▶ **Data**
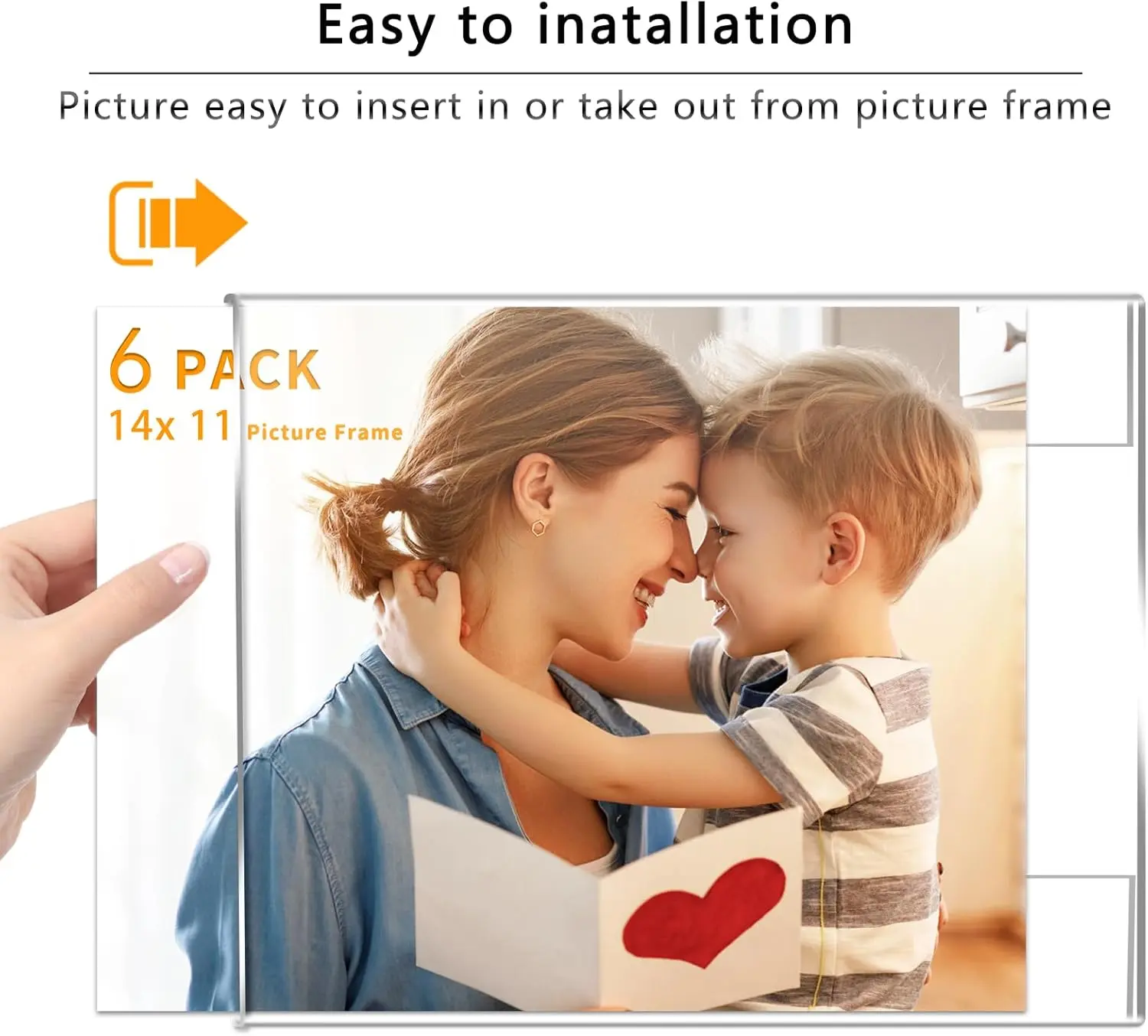 - 【Easy to Switch Out】11x14 picture frame easy to instert in or take out from clear picture frames ,no need to remove the clear acrylic picture frames. Can be used as for photo canvas certificate collage poster.
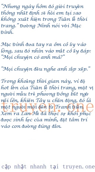 Đường Ninh ừ nhẹ một tiếng, cúp điện thoại im lặng chờ đến lúc diễn, nhưng trong khoảng thời gian này, Đường Ninh mở điện thoại ra theo dõi các video catwalk của các thương hiệu lớn trong Tuần lễ thời trang này.
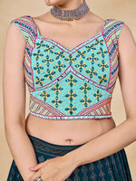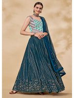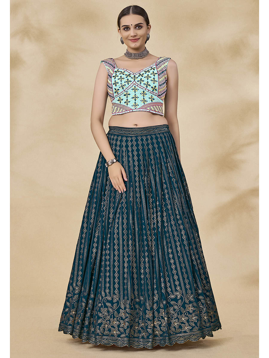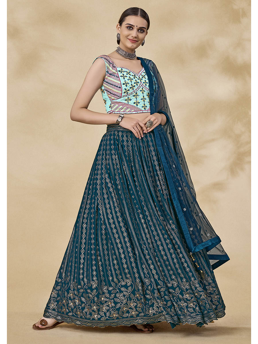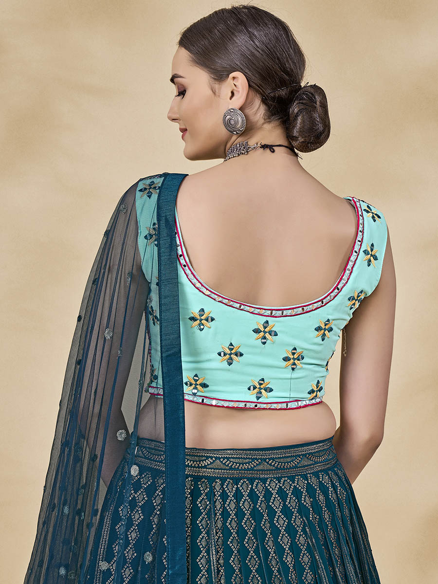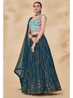 Teal Green Georgette Embroidered Designer Lehenga features a Georgette blouse with micro inner and Georgette lehenga. Work with Mirror & Thread with Sequince Embroidered Work. This Style is made in India and checked by hand to ensure high quality. Only Dry Clean is recommended for Ethinic ethnic wear
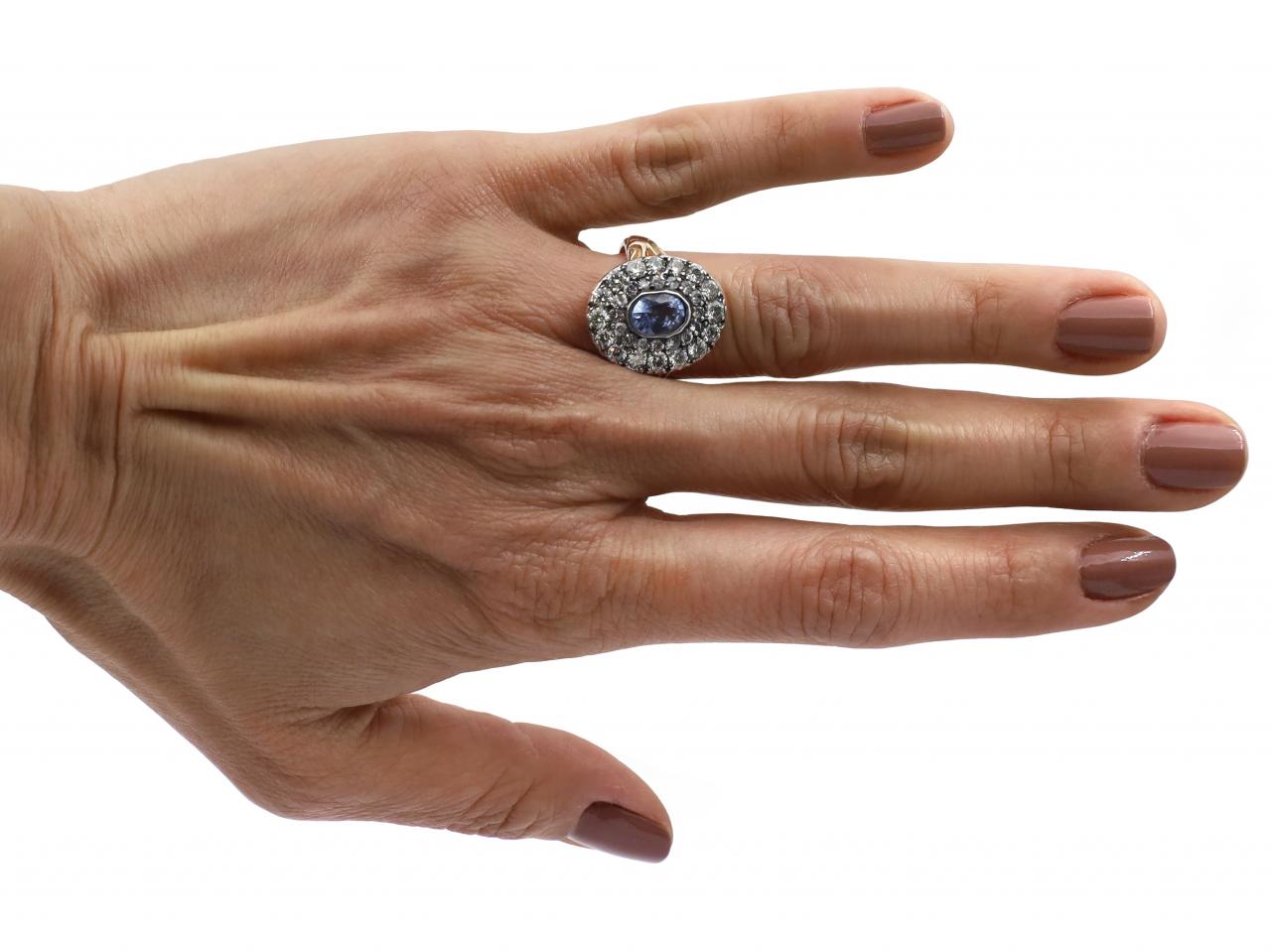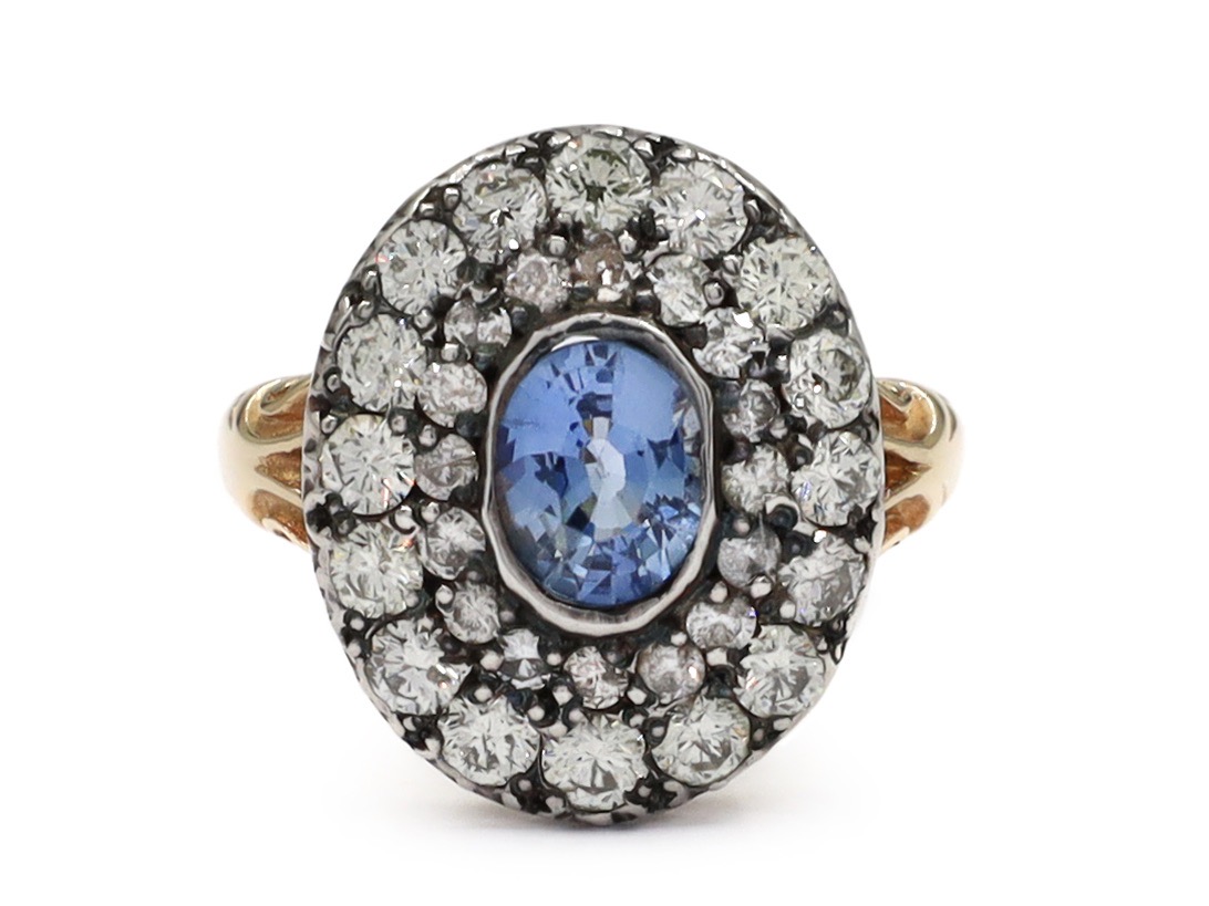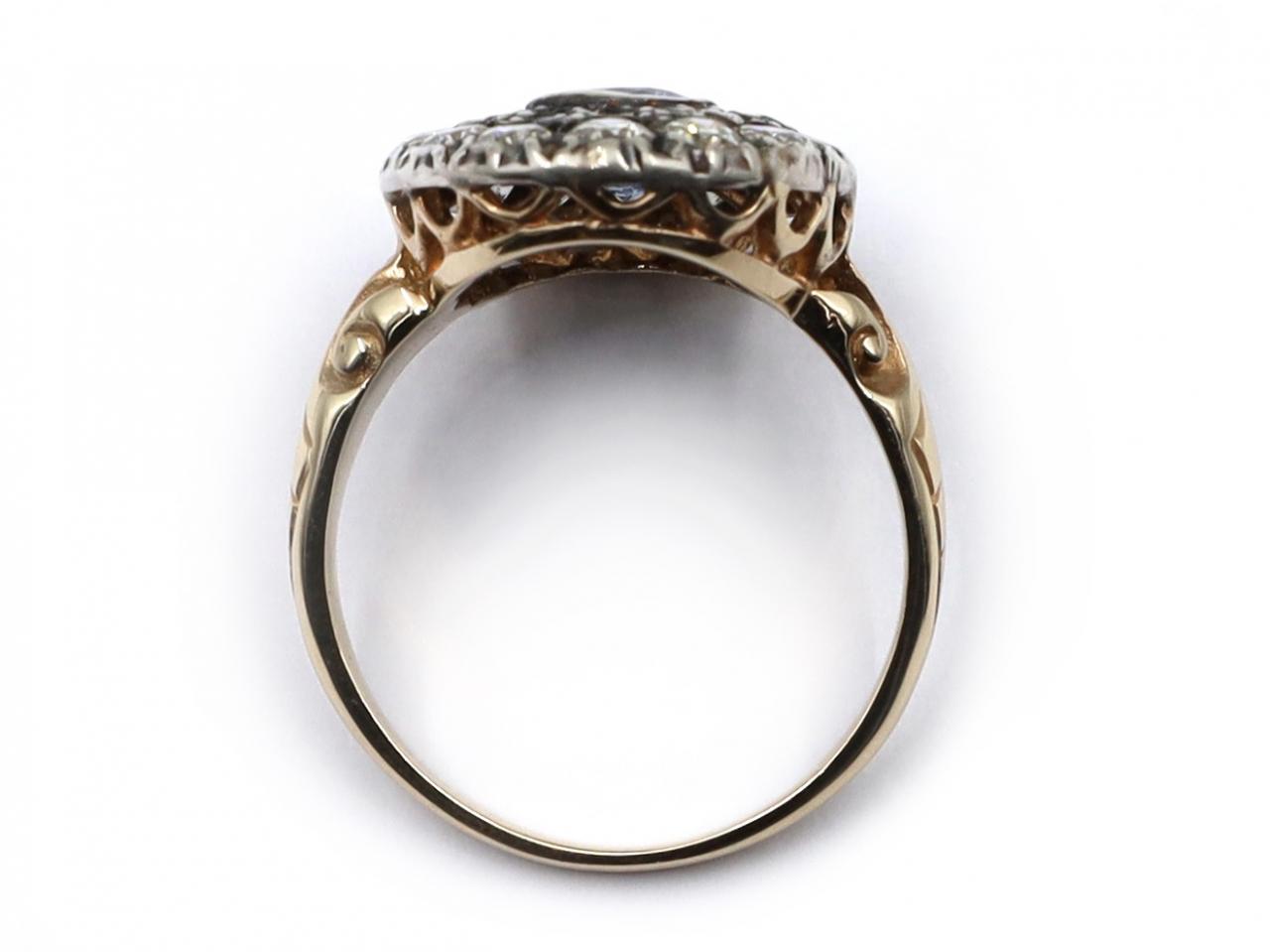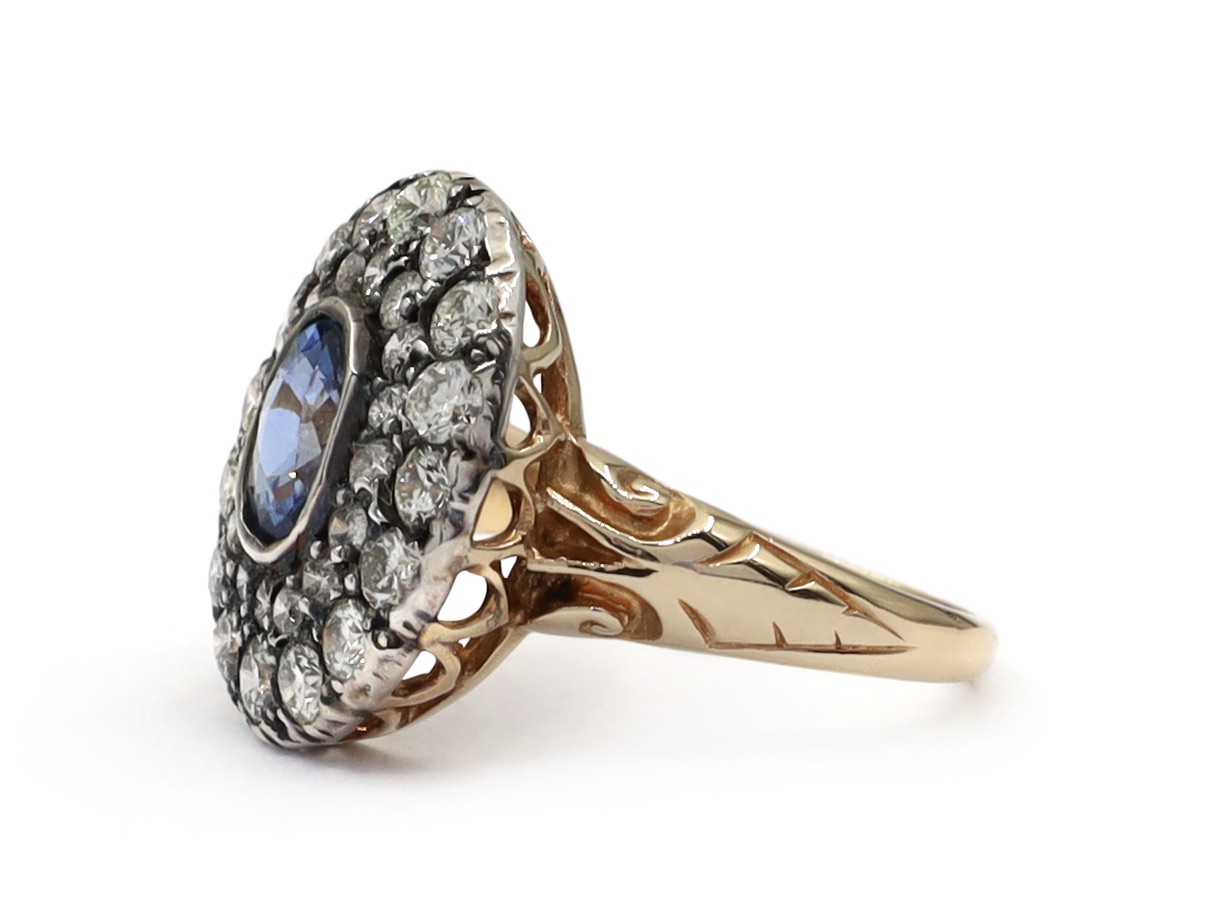 Victorian oval sapphire and diamond cluster ring set in silver on yellow gold. Centred with an oval mixed cut sapphire in a silver rubover setting, encircled by two gradusting rows of round old cut diamonds in silver grain and cut down settings, to an oval cluster design featuring smooth settings, scalloped and pierced gallery and flanked to either side with trumpeting carved shoulders which taper to a solid shank.

▶ **Exercise description**
Once the pictures are set aside, the remaining data must be transcribed exactly.

▶ **Exercise answer**
 - 【Easy to Switch Out】11x14 picture frame easy to instert in or take out from clear picture frames ,no need to remove the clear acrylic picture frames. Can be used as for photo canvas certificate collage poster.
 Đường Ninh ừ nhẹ một tiếng, cúp điện thoại im lặng chờ đến lúc diễn, nhưng trong khoảng thời gian này, Đường Ninh mở điện thoại ra theo dõi các video catwalk của các thương hiệu lớn trong Tuần lễ thời trang này.
 Teal Green Georgette Embroidered Designer Lehenga features a Georgette blouse with micro inner and Georgette lehenga. Work with Mirror & Thread with Sequince Embroidered Work. This Style is made in India and checked by hand to ensure high quality. Only Dry Clean is recommended for Ethinic ethnic wear
 Victorian oval sapphire and diamond cluster ring set in silver on yellow gold. Centred with an oval mixed cut sapphire in a silver rubover setting, encircled by two gradusting rows of round old cut diamonds in silver grain and cut down settings, to an oval cluster design featuring smooth settings, scalloped and pierced gallery and flanked to either side with trumpeting carved shoulders which taper to a solid shank.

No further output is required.